The issues discussed in the book relate well to current political debates. Many propose that the correct solution to environmental problems would be a market based solution. However, Robbins’ opinion seems to be that these solutions usually fail to take into account the non-human subjects and therefore cannot actually solve the underlying problem (Robbins 2007, p.136). An example is how companies sell chemicals which kill nematodes, and then sell nematodes again citing their benefits. It would have been better to not have added chemicals in the first place (Robbins 2007, p.68). Cost externalization is another important debate. Can all non-monetary costs (externalities) be factored into a tax or quota? Similar to how the carbon tax is taking so much effort and time to implement; is it possible to have a tax for every kind of pollution? Lastly, should the state have more responsibility in controlling chemicals and health standards? Would te deregulation of lawn chemicals undermine the safety of the environment and inhabitants?

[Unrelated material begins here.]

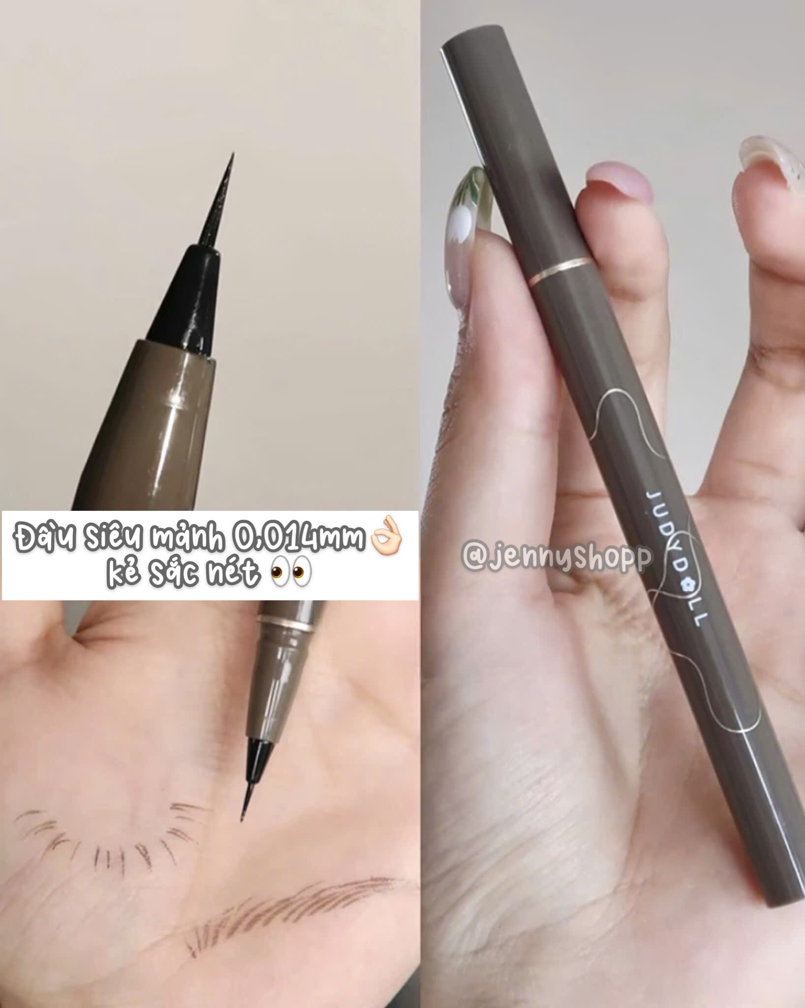 Đầu bút siêu mảnh chỉ 0.014mm dễ dàng điều chỉnh độ đậm nhạt, có thể dùng để vẽ mi dưới, gẩy sợi lông mày...

I think the book brings a very new and interesting perspective; I have never thought of how powerful nonhuman actors can be in such a relationship. It seems like humans and non-humans are co-evolving, instead of an object-subject power dynamic which is the dominant paradigm. Other book reviews seem to agree that Lawn People highlights important topics, however, some reviewers are sceptical of how important the lawn is to influence the outcome of human actions (Thompson 2008). I think whether or not the relationship can be proved, there is definitely a way to advance collective understanding of similar networks because the theory can be applied to many other relationships. As one reviewer said, “the major theoretical contribution of this book is the integration of a theory of the subject (Guthman 2008).” The holes of the argument, which I have discussed before, are not an attack to the fundamental theory, but rather suggestions to make the theory more convincing and applicable to a variety of places.

Works Cited

Ginn, Franklin. “Lawn people: how grasses, weeds and chemicals make us who we are.” Environment and Planning A, volume 39, pages 3028 ^ 3036 39 (2007): 3031-3033.

Guthman, Julie. “Lawn People: How Grasses, Weeds, and Chemicals Make Us Who We Are.” The Professional, 2008: 60:3,425 — 426.

Robbins, Paul. Lawn People: How Grasses, Weeds, and Chemicals Make Us Who We Are. Philadelphia: Temple University Press, 2007.

Thompson, Ian. “Book Reviews.” Landscape Research 33, no. 4 (August 2008): 503–507.